In this example we will solve the heat equation $u_t=Δu+f$. To do this, we define a HeatProblem which contains the function $f$ and the boundary conditions. We specify one as follows:

f(t,x,u)  = ones(size(x,1)) - .5u
u0_func(x) = zeros(size(x,1))

Here the equation we chose was nonlinear since $f$ depends on the variable $u$. Thus we specify f=f(u,x,t). If $f$ did not depend on u, then we would specify f=f(x,t). We do need to specify $gD$ (the Dirichlet boundary condition) and $gN$ (the Neumann boundary condition) since both are zero. $u_0$ specifies the initial condition. These together give a HeatProblem object which holds everything that specifies a Heat Equation Problem.

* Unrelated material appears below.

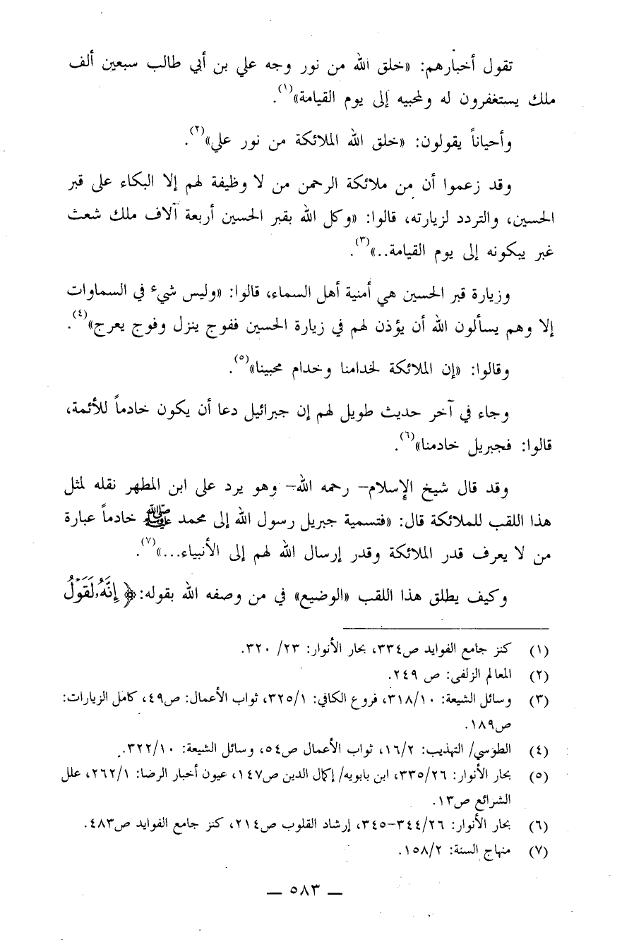 وقد قال شيخ الإسلام - رحمه الله - وهو يرد على ابن المطهر نقله لمثل هذا اللقب للملائكة قال: "فتسمية جبريل رسول الله إلى محمد صلى الله عليه وسلم خادمًا عبارة من لا يعرف قدر الملائكة وقدر إرسال الله لهم إلى الأنبياء.." (¬7) .

We then generate a mesh. We will solve the equation on the parabolic cylinder $[0,1]^2 \times [0,1]$. You can think of this as the cube, or at every time point from 0 to 1, the domain is the unit square. To generate this mesh, we use the command

tspan = (0.0,1.0)
dx = 1//2^(3)
dt = 1//2^(7)
mesh = parabolic_squaremesh([0 1 0 1],dx,dt,tspan,:neumann)
u0 = u0_func(mesh.node)
prob = HeatProblem(u0,f,mesh)

Notice that here we used the mesh to generate our u0 from a function which specifies u0. We then call the solver

sol = solve(prob,FEMDiffEqHeatImplicitEuler())

Here we have chosen to use the ImplicitEuler algorithm to solve the equation. Other algorithms and their descriptions can be found in the solvers part of the documentation.